Starting August 2026, EU AI Act enforcement makes this non-negotiable:
- Art. 30 — High-risk AI systems must log every inference: input, output, retrieved sources, model identity, timestamp, and the user who triggered it.
- GDPR Art. 30 — Records of processing activities must identify the data subject, legal basis, and retention period for every automated decision.
- HIPAA §164.312(b) — Audit controls must record activity in systems that touch PHI, including AI-generated responses citing medical records.
Quick Start
pip install trailrag
from trailrag import TrailRAGEngine
engine = TrailRAGEngine(
base_engine=your_rag_control_engine,
jurisdiction="GDPR", # sets retention period automatically
db_url="postgresql://user:pw@host/db", # or "sqlite:///audit.db" for dev
)
result = engine.run(query="What is the fire coverage limit?", user_context=ctx)
print(result.audit_id) # 01KNZZDS0161Z4VEWVVV0REP0A
print(result.chunk_records) # [{chunk_id, doc_id, page_number, score, ...}, ...]
What Gets Logged
{
"audit_id": "01KNZZDS0161Z4VEWVVV0REP0A",
"timestamp_utc": "2026-04-12T04:32:59Z",
"user_id": "analyst_001",
"jurisdiction": "GDPR",
"retention_until": "2026-10-09T04:32:59Z",
"model_name": "gpt-4o",
"prompt_hash": "880d6f35...",
"query_text": "What is the fire coverage limit?",
"retrieved_chunks": [
{
"doc_id": "insurance_policy_v2.pdf",
"doc_version": "2026-01-15",
"page_number": 7,
"similarity_score": 0.91,
"retrieval_rank": 1
}
],
"response_hash": "7eb675c8...",
"total_tokens": 252,
"retrieval_latency_ms": 13.4,
"total_latency_ms": 161.2
}
Audit records are append-only. The only deletion path is purge_expired(), which removes records past their retention_until. store.delete() always raises ComplianceViolationError.
Compliance Coverage
| Regulation | Key Requirement | TrailRAG Field |
|---|---|---|
| EU AI Act Art. 30 | Decision traceability per inference | retrieved_chunks → page_number, doc_id, similarity_score |
| GDPR Art. 30 | Records of processing activities | user_id, timestamp_utc, retention_until |
| HIPAA §164.312(b) | Audit controls for PHI systems | audit_id + append-only store |
| BASEL III | Credit risk model documentation | model_version, prompt_hash, temperature |
Retention is set automatically: GDPR → 180 days, HIPAA → 6 years, EU AI Act → 10 years, SOC 2 → 1 year.
GDPR Subject Access Requests (Art. 15)
records = store.get_by_user("analyst_001", from_date=start, to_date=end)

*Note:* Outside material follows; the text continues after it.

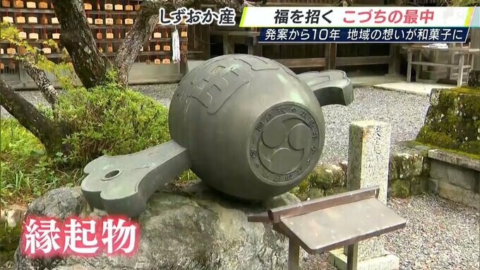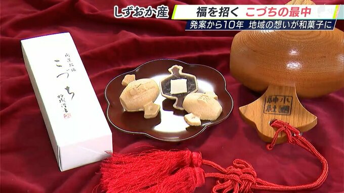 榊原さんは森町議時代の2014年、小國神社にちなんだ新しい名物を作ろうと打ち出の小槌の最中を発案。金型を業者に依頼し、打田宮司や地元の有志とともに、商品化にむけて奔走しました。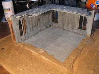 Es una base de carton de alta densidad para carteleria (si, cartonee un cartel de un negocio) y las paredes y demas estructuras son polyfan de 3cm de espesor cortado con trincheta/cutter. La idea de hecho es que quede lo mas imperfecto posible, para lo cual hice los cortes no muy derechos y poco profundos para despues terminar de despegar el polyfan a mano. El plan es luego hacer carta-pesta sobre la estructura terminada para darle textura y probablemente una mano de plasticola y arena para terminar de generar la impresion de que lo que vemos es una excavacion en roca.

store.export_json(audit_id, "/tmp/record_for_dpa.json")
Self-hosting (Docker)
The fastest way to run the compliance dashboard on your own infrastructure.
Prerequisites
- Docker ≥ 24 and Docker Compose ≥ 2
1 — Clone and configure
git clone https://github.com/LeQuocAnh123/RAG_control.git
cd RAG_control
Create a .env file in the project root (never commit this file):
# Required — set a strong random value; used for POST /api/purge
TRAILRAG_API_KEY=change-me-to-a-long-random-secret
# Optional — defaults shown below
TRAILRAG_DB_URL=sqlite:////data/audit.db
TRAILRAG_CORS_ORIGINS=*
2 — Build and start
docker compose up -d --build
3 — Open the dashboard
http://localhost:8080/dashboard
The API docs (OpenAPI / Swagger) are at http://localhost:8080/api/docs.
4 — Verify health
curl http://localhost:8080/health
# {"status": "ok", "total_records": 0}
Persistent storage
Audit records are stored in a Docker named volume (trailrag_data) mounted at
/data inside the container. Data survives container restarts and upgrades.
To back up:
docker run --rm -v trailrag_data:/data -v $(pwd):/backup busybox \
tar czf /backup/trailrag_backup_$(date +%Y%m%d).tar.gz /data
Switching to PostgreSQL
Set TRAILRAG_DB_URL in your .env:
TRAILRAG_DB_URL=postgresql://user:password@postgres_host:5432/trailrag
TrailRAG will create the audit_log table automatically on first start.
Purging expired records
# Dry run — count eligible records
curl -X POST "http://localhost:8080/api/purge?dry_run=true" \
-H "X-TrailRAG-Key: $TRAILRAG_API_KEY"
# Execute purge
curl -X POST "http://localhost:8080/api/purge" \
-H "X-TrailRAG-Key: $TRAILRAG_API_KEY"
Built On
- rag_control — runtime governance, RBAC, policy enforcement
- SQLAlchemy 2.0 — SQLite (dev) / PostgreSQL (production)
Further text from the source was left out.